* Exercise details
The response must consist of the lines from the one holding "Aprenda de los" through the final line of the entries, given again exactly and without any pictures.

* Records for this exercise
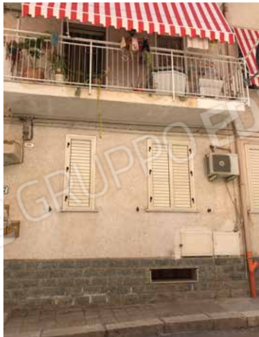
Foto 1 e 2. Prospetto principale su via Alcide De Gaspari, ingresso al civico n°17.
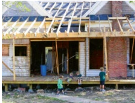
DAS FARMHAUS WÄHREND DER RENOVIERUNGEN.
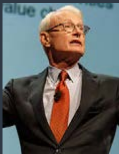
Michael Porter STRATEGY

Aprenda de los líderes de negocio más exitosos del mundo
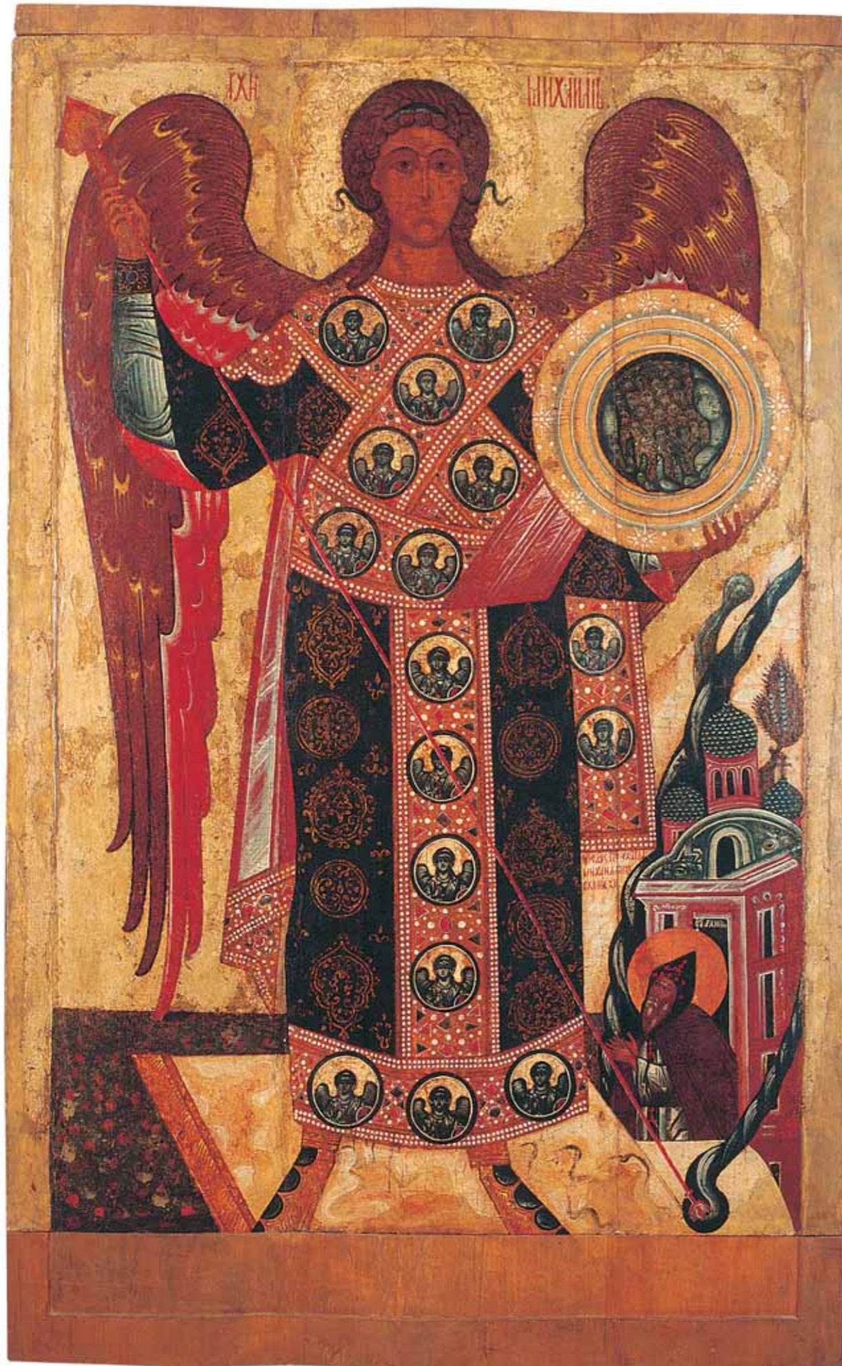
Архангел Михаил с чудом в Хонех Конец XV – начало XVI века Дерево, темпера 159×98 Рязанский государственный областной художественный музей имени И.П. Пожалос- тина
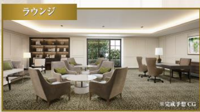
同じ時代を共有し、豊かな生活に迫り着いた方々が過ごすつづぎの空間です。
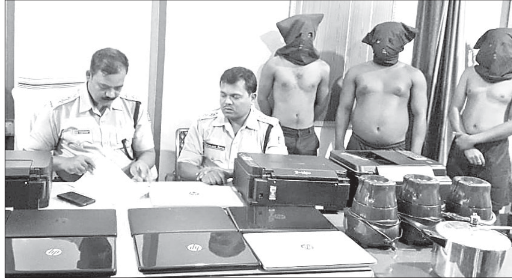
ଖବରଦାତା ସମ୍ମିଳନୀରେ ଏସ୍ପିଓ ଅଭିଯୁକ୍ତଙ୍କ ସମ୍ପର୍କରେ ସୂଚନା ଦେଉଛନ୍ତି ।
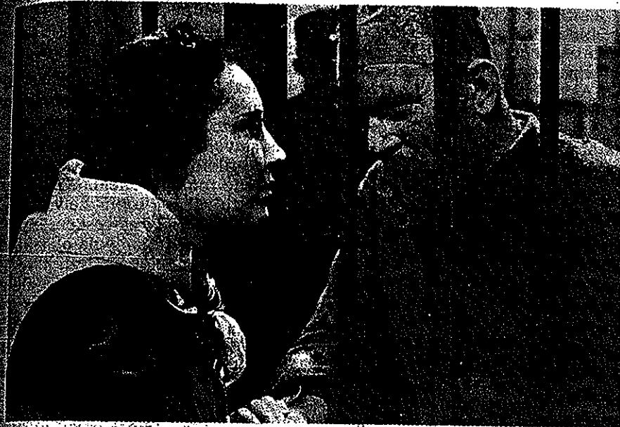
Jedna ze scén vnašejších do adaptace klasické divadelní hry J. K. Tyla Paličova dcera (1941) aktuálně znějící motiv nesvobody.

klamativně předčítat: „Dávno, dávno již tomu, co jsem posledně se dívala do té milé, mírné tváře...“ Čáp tak hned v prvním záběru definoval svou adaptaci jako filmem ilustrovanou četbu důvěrně známého, milovaného románu. I literární původ syžetu se tedy stal – a ne náhodou – součástí filmového vyprávění.
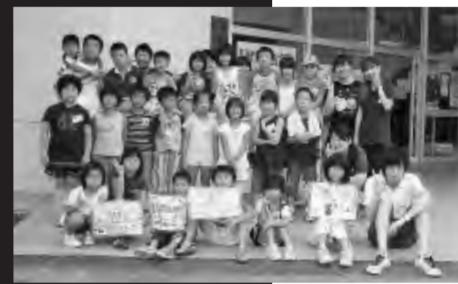
2期の参加者のみなさん

* Result of the task
Aprenda de los líderes de negocio más exitosos del mundo
Архангел Михаил с чудом в Хонех Конец XV – начало XVI века Дерево, темпера 159×98 Рязанский государственный областной художественный музей имени И.П. Пожалос- тина
同じ時代を共有し、豊かな生活に迫り着いた方々が過ごすつづぎの空間です。
ଖବରଦାତା ସମ୍ମିଳନୀରେ ଏସ୍ପିଓ ଅଭିଯୁକ୍ତଙ୍କ ସମ୍ପର୍କରେ ସୂଚନା ଦେଉଛନ୍ତି ।
Jedna ze scén vnašejších do adaptace klasické divadelní hry J. K. Tyla Paličova dcera (1941) aktuálně znějící motiv nesvobody.

klamativně předčítat: „Dávno, dávno již tomu, co jsem posledně se dívala do té milé, mírné tváře...“ Čáp tak hned v prvním záběru definoval svou adaptaci jako filmem ilustrovanou četbu důvěrně známého, milovaného románu. I literární původ syžetu se tedy stal – a ne náhodou – součástí filmového vyprávění.
2期の参加者のみなさん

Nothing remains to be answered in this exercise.